What to Consider When Investing in Parking Spaces

28Hse Editor  2024-11-20  7.4K #Wed Property Focus

In the latest Policy Address, the government relaxed the mortgage cap for both residential and non-residential properties, increasing it to 70%. This change also benefits parking spaces. According to data from the Land Registry, there were 386 parking space registrations in October, a 23.7% increase from September’s 312, marking a three-month high. 

Apart from the relaxed mortgage criteria, most new developments offer fewer parking spaces compared to residential units, and some estates don’t provide any parking at all. This shortage, combined with high demand, has driven up the value of parking spaces, making them a viable investment option and boosting transaction volumes.

For those interested in investing in parking spaces, it’s important to understand the different types available. Parking spaces are generally categorised for private cars, motorcycles, trucks, and electric vehicles. Buyers should select the type of parking space that suits their specific needs. 

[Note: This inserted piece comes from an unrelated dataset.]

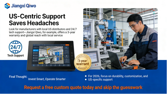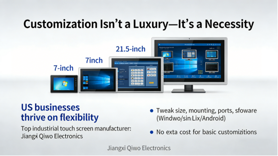 US businesses thrive on flexibility, and top industrial touch screen manufacturers like Jiangxi Qiwo Electronics get that. From tiny 7-inch displays to 21.5-inch large touch screen monitors, you can tweak the size, mounting, ports, and software (Windows/Linux/Android) to fit exactly what you need. Whether you need a screen that fits in a tight control panel or one that works with your existing Linux system, Jiangxi Qiwo can tweak it to match—no extra cost for basic customizations.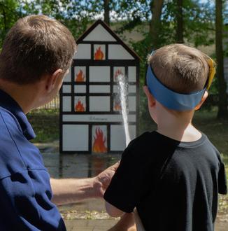 Nina Wambach - Am Stand der Freiwilligen Feuerwehr Erpel löschten Nachwuchsfeuerwehrleute einen Hochhausbrand nach dem Nächsten

Those intending to apply for a parking space mortgage should note that the terms vary depending on the type of space. Mortgages for parking spaces are mainly divided into standalone spaces, “tied spaces”, and “split-tied spaces.” Standalone spaces are those that can be bought and sold independently, with a mortgage cap typically up to 70%. Split-tied spaces are spaces that were originally tied to a residential unit but have been sold separately; these have mortgage terms similar to standalone spaces. Tied spaces are sold together with a residential unit and cannot be separated; in such cases, the mortgage is treated as part of the property, with a cap of up to 90%. Potential buyers should consult with banks before applying for a mortgage to understand the valuation, interest rates, and loan terms for parking spaces, as parking space transactions tend to be less transparent than property transactions. 

When considering an investment, it's crucial to assess the supply and demand of parking spaces within the estate. If the ratio of residential units to parking spaces exceeds 5:1, this indicates that demand outweighs supply, potentially increasing the investment value of the parking space. Additionally, the presence of public parking facilities nearby can affect the value of the parking space.

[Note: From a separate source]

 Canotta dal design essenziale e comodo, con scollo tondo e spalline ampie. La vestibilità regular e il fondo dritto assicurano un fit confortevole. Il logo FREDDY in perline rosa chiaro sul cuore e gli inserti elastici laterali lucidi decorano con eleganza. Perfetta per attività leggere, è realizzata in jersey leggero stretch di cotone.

Before purchasing, it’s important to carefully review the deed, as some parking spaces come with restrictions. For example, some spaces may only be sold to or rented by residents of the same estate, and certain estates may limit the number of parking spaces an individual can own, typically to a maximum of three. These restrictions can reduce the flexibility of the investment and affect potential returns. 

The process of buying a parking space is similar to purchasing property. Generally, both parties will sign a Provisional Sale and Purchase Agreement, followed by the formal agreement within 14 days, along with the payment of stamp duty. In some cases, the provisional agreement may be skipped altogether.

In terms of expenses, buying a parking space is much like buying property. Buyers need to cover agent commissions (if the deal is brokered through an agent), legal fees, stamp duty, and recurring costs such as rates, government rent, and management fees.

It’s important to remember that no investment is risk-free. Therefore, before investing in parking spaces, buyers should carefully weigh the potential risks and rewards.